Action item: The lines from the one containing "($1200), which is" through the final line of the listing below are what the answer must repeat, exactly and only, leaving pictures out.

Exercise data:
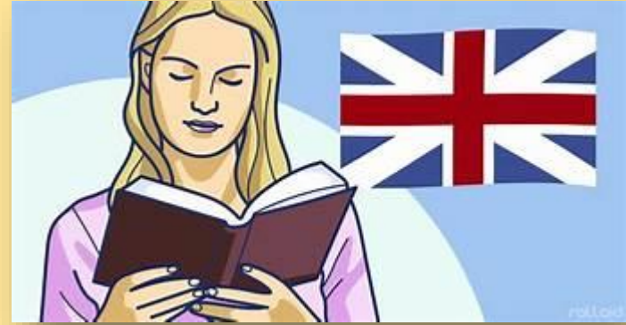
I CAN READ IN ENGLISH
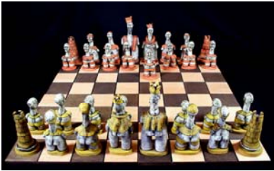
Lublinksi, Diane p- frompawntoking.jpg - A ceramic chess set, "From Pawn to King" ($6,800), by Diane Lublinksi is featured in Contempo at the Lighthouse ArtCenter. The exhibition runs from January 6 through February 10.

($1200), which is featured in the Contempo exhibition at the Lighthouse ArtCenter. The exhibition runs from January 6 through February 10.
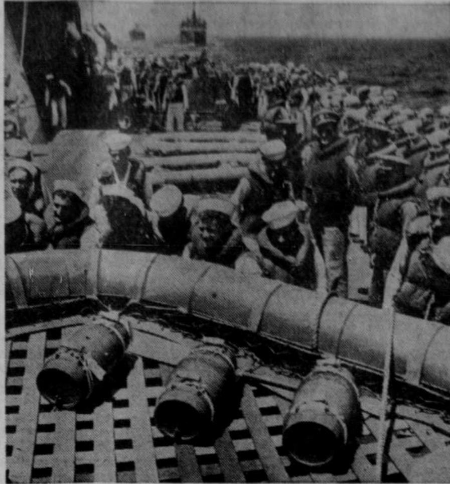
At Sea . . . You are somewhere on the broad Atlantic aboard a unit of the U. S. navy's Atlantic task force, currently doing a job of conveying. What you are now looking at is an "abandon ship" drill, in which the ship's personnel go through all the motions without actually going over-side. In the background are other ships of the convoy. (Approved by U. S. navy.)

Problem solution:
($1200), which is featured in the Contempo exhibition at the Lighthouse ArtCenter. The exhibition runs from January 6 through February 10.
At Sea . . . You are somewhere on the broad Atlantic aboard a unit of the U. S. navy's Atlantic task force, currently doing a job of conveying. What you are now looking at is an "abandon ship" drill, in which the ship's personnel go through all the motions without actually going over-side. In the background are other ships of the convoy. (Approved by U. S. navy.)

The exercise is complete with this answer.